Doença e morte fizeram de Tancredo um líder popular no fim da ditadura
CLÓVIS ROSSI
DE COLUNISTA
DA FOLHA
21/04/2015 02h00
Só
um gênio do realismo mágico, como o escritor Gabriel García Márquez, seria
capaz de contar a história da presidência de Tancredo Neves, a que não houve.
Parece
pura ficção o fato de que Tancredo, que se gabava de nunca ter tido nem um
miserável resfriado, fosse obrigado a baixar ao hospital horas antes de sua
posse, para dele sair para outro hospital e, deste, para o cemitério, faz hoje
exatos 30 anos.
Aliás,
a primeira cirurgia do presidente eleito foi em um cenário de Macondo, a
cidade-símbolo do realismo mágico de García Márquez: o hospital ficou lotado,
inclusive a sala de cirurgia, de políticos que não deveriam estar presentes.
E
os médicos mentiram na primeira nota oficial, ao informar que Tancredo sofrera
uma crise de diverticulite, quando, conforme "furo" desta Folha,
o presidente tinha um leiomioma, um tumor.
Terminava
assim a história do primeiro presidente civil após 21 anos de ditadura.
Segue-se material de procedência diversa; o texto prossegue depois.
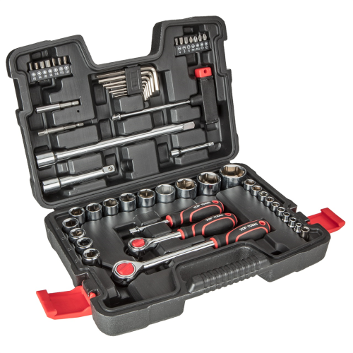Zestaw kluczy nasadowych Top Tools 38D530 to 53-elementowy zestaw narzędzi do prac warsztatowych. W zestawie znajdują się m.in. nasadki sześciokątne w dwóch rozmiarach (1/2" i 1/4"), grzechotki, klucze sześciokątne typu imbus, końcówki wkrętakowe oraz wiele innych akcesoriów usprawniających pracę każdego majsterkowicza.

E, como
se fosse pouco, Tancredo foi substituído por José Sarney, que, até meses antes,
presidia o partido (a Arena) que dera sustentação ao regime militar, aquele que
Tancredo deveria sepultar.
Para
dar cores ainda mais fortes de realismo mágico, há o fato de que Sarney acabou
adotando, em um certo momento, políticas mais à esquerda do que as que o
próprio Tancredo faria.
O
presidente eleito era um conservador, do que dá prova não só a sua biografia,
mas o fato de ter escolhido Francisco Dornelles para comandar a economia.
Se
já fosse corrente à época, Dornelles seria chamado de neoliberal, por ser mais
preocupado com o saneamento das contas públicas e com a inflação do que com a
questão social.
Não
tinha o perfil mais à esquerda dos economistas do PMDB de Tancredo.
Foi
a estes, no entanto, que Sarney, ex-Arena, acabou recorrendo, depois de indicar
o empresário Dilson Funaro para substituir Dornelles.
Rompia,
com isso, de uma vez por todas, com o esquema de Tancredo, depois de ter
mantido todos os ministros indicados pelo que deveria ter sido presidente.
Nem
Tancredo nem Sarney eram políticos de grande popularidade.
Foi
a doença, em circunstâncias tão extraordinárias, que fez do presidente eleito
mas não empossado um ícone popular.
Sua
agonia e seu enterro foram momentos de uma comoção nacional como só se havia
visto, antes, no enterro de Juscelino Kubitschek, mineiro como Tancredo, do
antigo PSD como Tancredo, mas de uma ousadia muito maior.
Já
Sarney ganhou uma aura –de curta duração, é verdade– de herói popular por ter
promovido o Plano Cruzado, congelamento de preços que derrubou instantaneamente
a inflação, o persistente dragão que carbonizou o prestígio do regime militar.
Por
tudo o que se sabe dos planos de Tancredo, ele jamais ousaria adotar um plano
tão heterodoxo.
Há
até dúvidas se teria de fato convocado uma Assembléia Constituinte, bandeira de
seu PMDB e dos outros partidos de oposição ao regime militar.
Mas
é inquestionável que Tancredo de Almeida Neves conduziu com notável habilidade,
paciência e capacidade de articulação política, a transição para o regime
democrático. Pena que não pôde estar presente ao momento histórico que a
cristalizaria e que seria a sua posse, a que não houve.
O
fato igualmente inquestionável é que se abriu, naquele ano de 1985, o mais
longo período de plena e total vigência das liberdades públicas na história do
Brasil.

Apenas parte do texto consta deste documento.